TASK TO CARRY OUT: From the listing below, reproduce exactly the lines starting with the one with "Blue-Silver Poly Nylon" and going on through the one with "Available Pieces ›", both ends kept. No picture is copied.

***** WORKING DATA

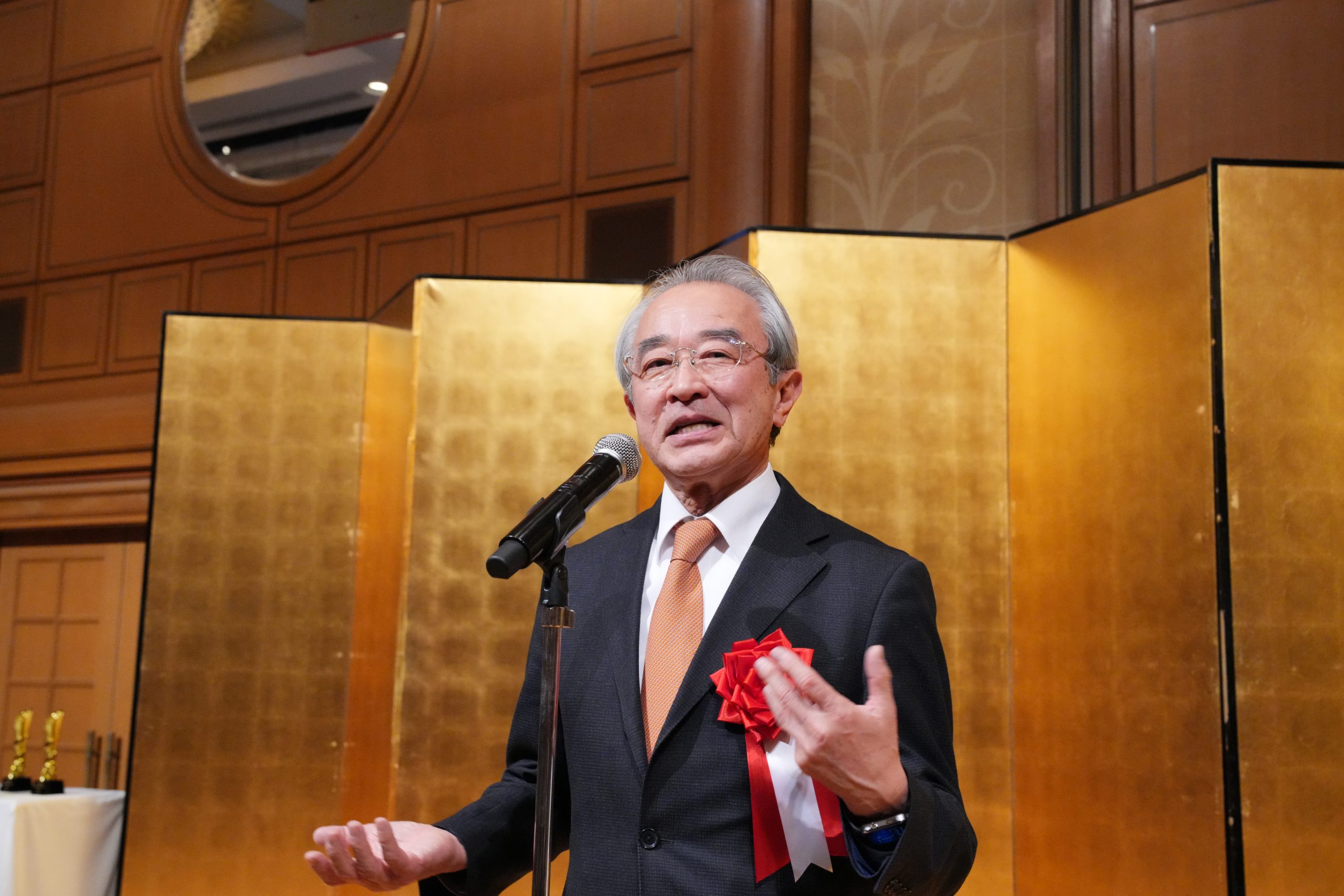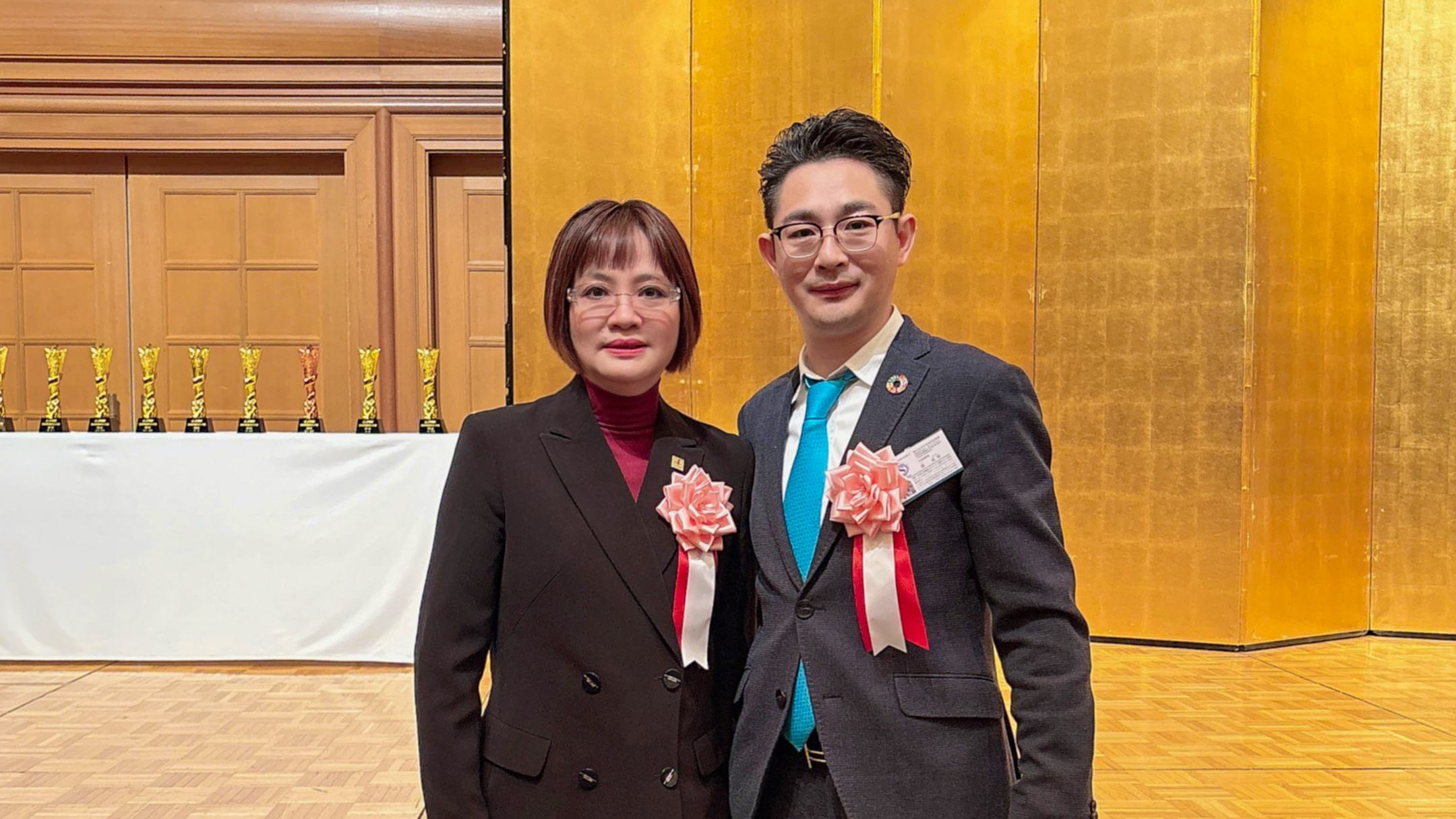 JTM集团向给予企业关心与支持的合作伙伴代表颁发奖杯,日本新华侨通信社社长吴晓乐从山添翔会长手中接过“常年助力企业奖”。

**********
***** WORKING DATA

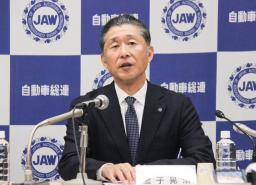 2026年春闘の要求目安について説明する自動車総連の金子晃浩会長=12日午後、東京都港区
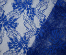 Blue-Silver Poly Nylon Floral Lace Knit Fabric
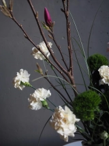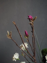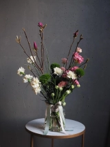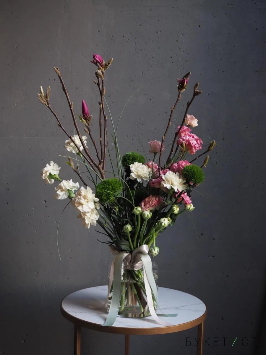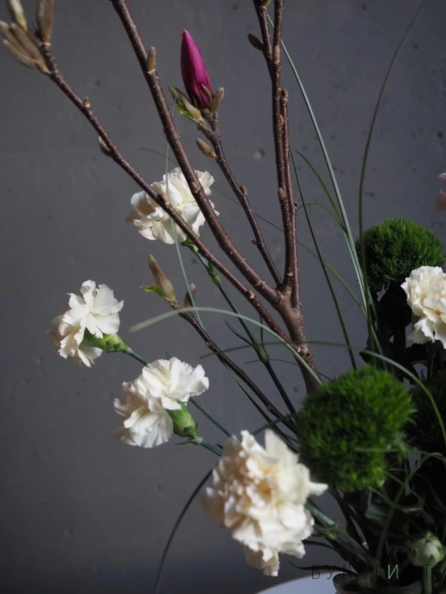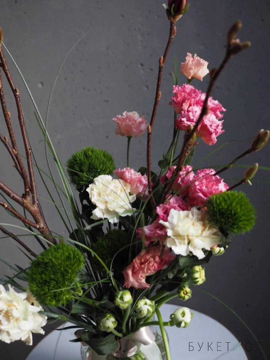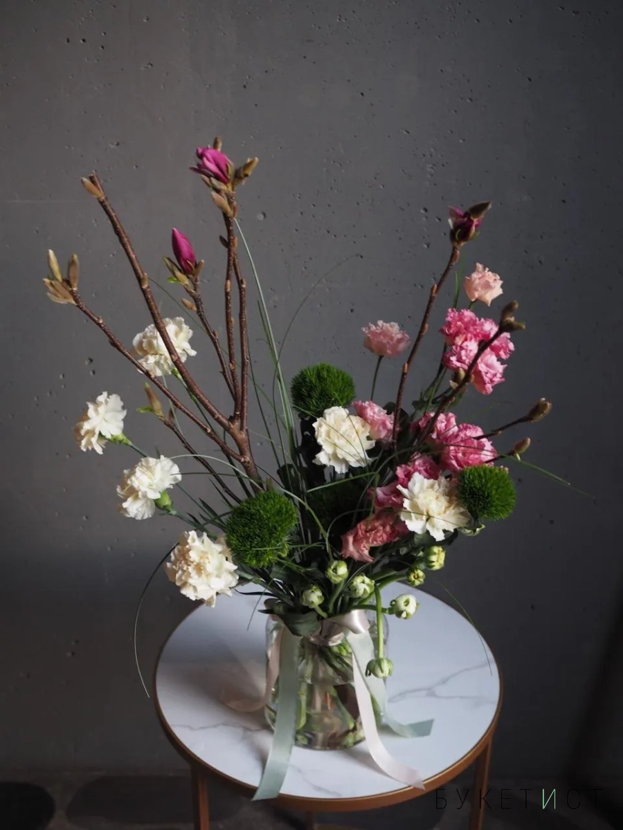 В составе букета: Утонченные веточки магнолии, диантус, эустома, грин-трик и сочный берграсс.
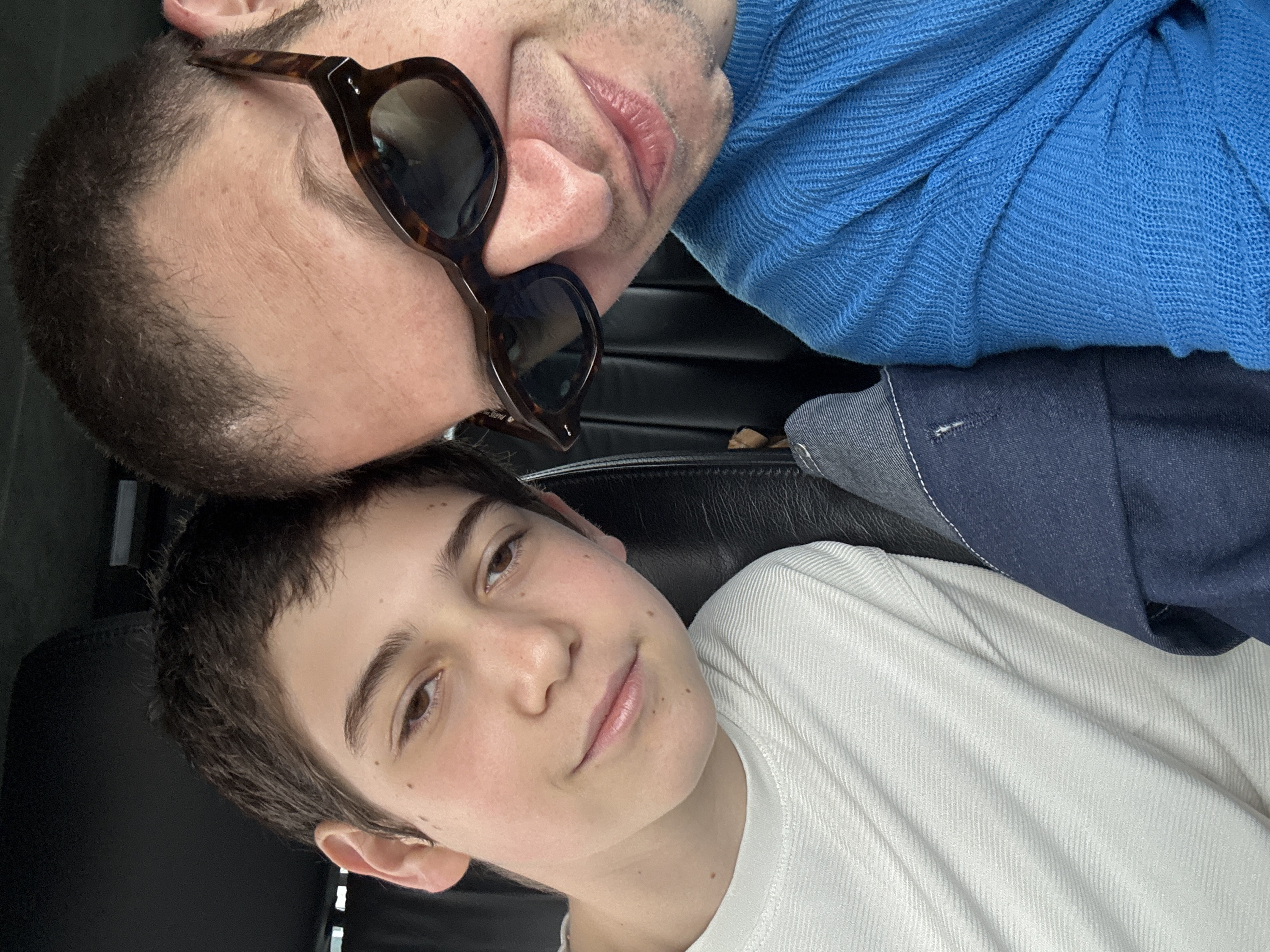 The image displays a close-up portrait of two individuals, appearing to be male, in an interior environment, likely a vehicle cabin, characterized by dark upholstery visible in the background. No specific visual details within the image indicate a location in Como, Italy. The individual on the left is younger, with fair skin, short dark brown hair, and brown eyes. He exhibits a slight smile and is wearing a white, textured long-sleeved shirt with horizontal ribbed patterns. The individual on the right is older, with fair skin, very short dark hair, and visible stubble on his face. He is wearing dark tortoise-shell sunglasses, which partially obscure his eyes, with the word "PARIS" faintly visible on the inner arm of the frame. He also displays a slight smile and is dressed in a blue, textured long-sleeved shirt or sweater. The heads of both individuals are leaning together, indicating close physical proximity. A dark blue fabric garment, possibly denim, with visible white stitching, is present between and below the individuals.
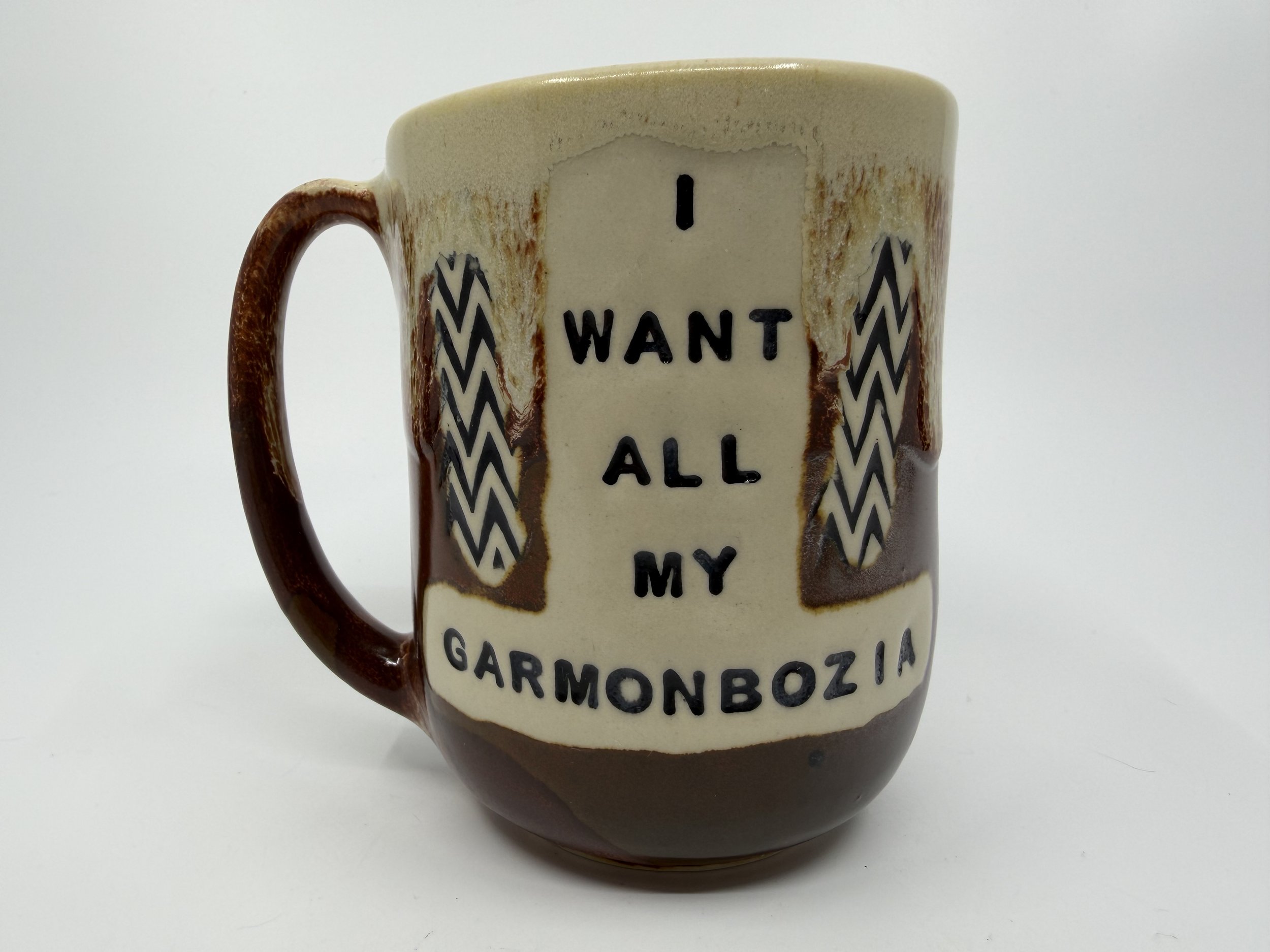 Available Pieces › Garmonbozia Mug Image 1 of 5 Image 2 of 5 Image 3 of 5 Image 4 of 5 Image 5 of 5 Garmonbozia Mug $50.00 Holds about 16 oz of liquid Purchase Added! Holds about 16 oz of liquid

**********

RESPONSE TO THIS TASK:
 Blue-Silver Poly Nylon Floral Lace Knit Fabric
 В составе букета: Утонченные веточки магнолии, диантус, эустома, грин-трик и сочный берграсс.
 The image displays a close-up portrait of two individuals, appearing to be male, in an interior environment, likely a vehicle cabin, characterized by dark upholstery visible in the background. No specific visual details within the image indicate a location in Como, Italy. The individual on the left is younger, with fair skin, short dark brown hair, and brown eyes. He exhibits a slight smile and is wearing a white, textured long-sleeved shirt with horizontal ribbed patterns. The individual on the right is older, with fair skin, very short dark hair, and visible stubble on his face. He is wearing dark tortoise-shell sunglasses, which partially obscure his eyes, with the word "PARIS" faintly visible on the inner arm of the frame. He also displays a slight smile and is dressed in a blue, textured long-sleeved shirt or sweater. The heads of both individuals are leaning together, indicating close physical proximity. A dark blue fabric garment, possibly denim, with visible white stitching, is present between and below the individuals.
 Available Pieces › Garmonbozia Mug Image 1 of 5 Image 2 of 5 Image 3 of 5 Image 4 of 5 Image 5 of 5 Garmonbozia Mug $50.00 Holds about 16 oz of liquid Purchase Added! Holds about 16 oz of liquid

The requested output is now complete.